▶ Task directions
Reproduce exactly, leaving out pictures, each line from the one holding "огарифм отношения констант" through the final line of the listing, and add nothing.

▶ Provided material
§

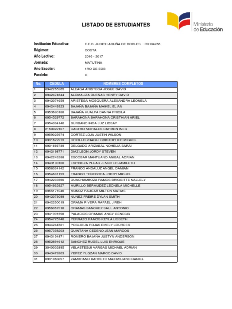 Este documento presenta un listado de 31 estudiantes matriculados en el primer año de educación general básica, paralelo C, de la institución educativa E.E.B. JUDITH ACUÑA DE ROBLES durante el año lectivo 2016-2017. El listado incluye el nombre completo, número de cédula y número de cada estudiante.
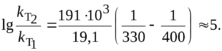 огарифм отношения констант скоростей реакции при температурах Т2 и Т1 соответственно равен
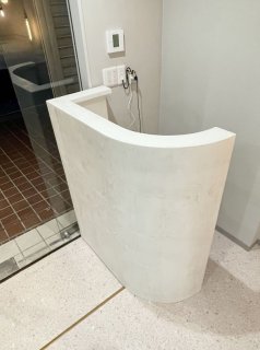 丸いなみなみの化粧板。こちらのカラーは「特注ラベンダー」。

§

▶ Output for this exercise
 огарифм отношения констант скоростей реакции при температурах Т2 и Т1 соответственно равен
 丸いなみなみの化粧板。こちらのカラーは「特注ラベンダー」。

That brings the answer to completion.